Ricomponendosi, Camilla disse: — Vuoi sapere la verità? Io non credo che a Edgar interessi molto se tu lavori per lui o no. Ma lui ti farà lavorare per tenerti occupato, per non farti passare il tempo pensando a qualche modo per dargli dei fastidi. E per quanto mi riguarda, io non gli interesso più come modella, davvero, ma lui… lui non mi lascia andare in ogni caso.
— Perché no? Se davvero non ha bisogno di noi perché ci tiene qui?
Lei non poté o non volle rispondere.
— Ti ho chiesto perché ci tiene qui!
Parlare sembrò costare a Camilla un grande sforzo. Era come se dire la verità risvegliasse in lei i suoi timori più profondi. — Io credo che voglia le nostre vite, in un modo o nell’altro.
Jake sentì rizzarsi i peli della nuca. — Cosa vuoi dire con questo? Come, le nostre vite?
— Non lo so. È solo una sensazione. Ma per adesso non dobbiamo preoccuparci. Rassegnati e resta qui, Jake. Io ho bisogno di te. Tyrrel non ci disturberà mai durante il giorno, e la notte puoi fare qualcosa per lui. Io ho lavorato per lui, e non è stato poi tanto terribile — disse, per poi aggiungere con un sussurro: — Intanto io e te cercheremo di fare qualcosa, di scoprire il modo per andarcene entrambi.

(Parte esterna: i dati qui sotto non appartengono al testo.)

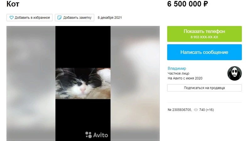 Как сообщает «Тульская пресса», кота выставили на продажу в Богородицке Тульской области за 6,5 млн рублей.

— Il modo? E quale sarebbe?
— È proprio quello che dobbiamo scoprire.
— Ah sì? Camilla, dov’è quella carogna? Voglio parlargli!
— No, Jake! E poi adesso Edgar sta dormendo. Credimi, è meglio non affrontarlo in modo diretto. Quando si sveglierà potrai parlargli con calma.
— Almeno fammi vedere dove dorme!
Camilla sospirò. — E va bene. Non crederai ai tuoi occhi, ma comunque seguimi.